The cold winter conditions in south Germany, where he was imprisoned, made struggling to survive even worse, he added.

Finally, British troops attacked, causing the German soldiers to flee, he said.

“The British took us out of the camp," Radish said. “They gave us free uniforms and showers.”

Radish shared his story Saturday during a program in which he and a handful of other World War II veterans were honored for their service in the Battle of the Bulge, a conflict that played a pivotal role in World War II and remains among the most lethal in American history.

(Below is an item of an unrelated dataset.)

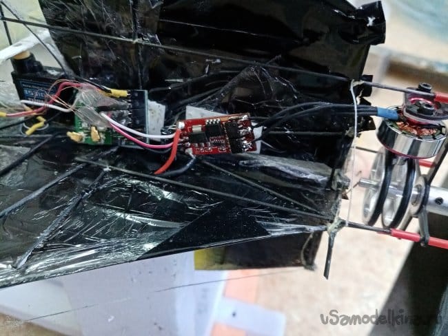 В качестве силовой установки использовался легкий стандартный движок в 16 грамм с регулятором в 6 грамм.

Nineteen thousand Americans died fighting to quash the last great German offensive of the war, a desperate drive on Hitler’s orders through the Ardennes region of Belgium and France that began in late December 1944.

During the battle, Army veteran Eugene Leavy, now 93, of East Northport, said he was assigned to a combat unit to curtail Germany’s Operation Nordwind as the opposition ran out of gasoline and ammunition.

“I saw a lot of bad things,” he said.

More than 180 veterans and residents attended the function at the American Airpower Museum in Farmingdale. There was a panel discussion and a short film about the battle.

“I never realized people were still interested in the war,” Radish, a former buck sergeant, said. 

But Robert Scarabino, who helped organize the program on behalf of the 101st Airborne Living History Group, said it’s important to recognize those who served: "The men that just dropped what they were doing, living in the civilian life and during the (Great) Depression,” he said, referring to soldiers who risked their lives in the war. “Unlike any other generation we’ll ever see again.”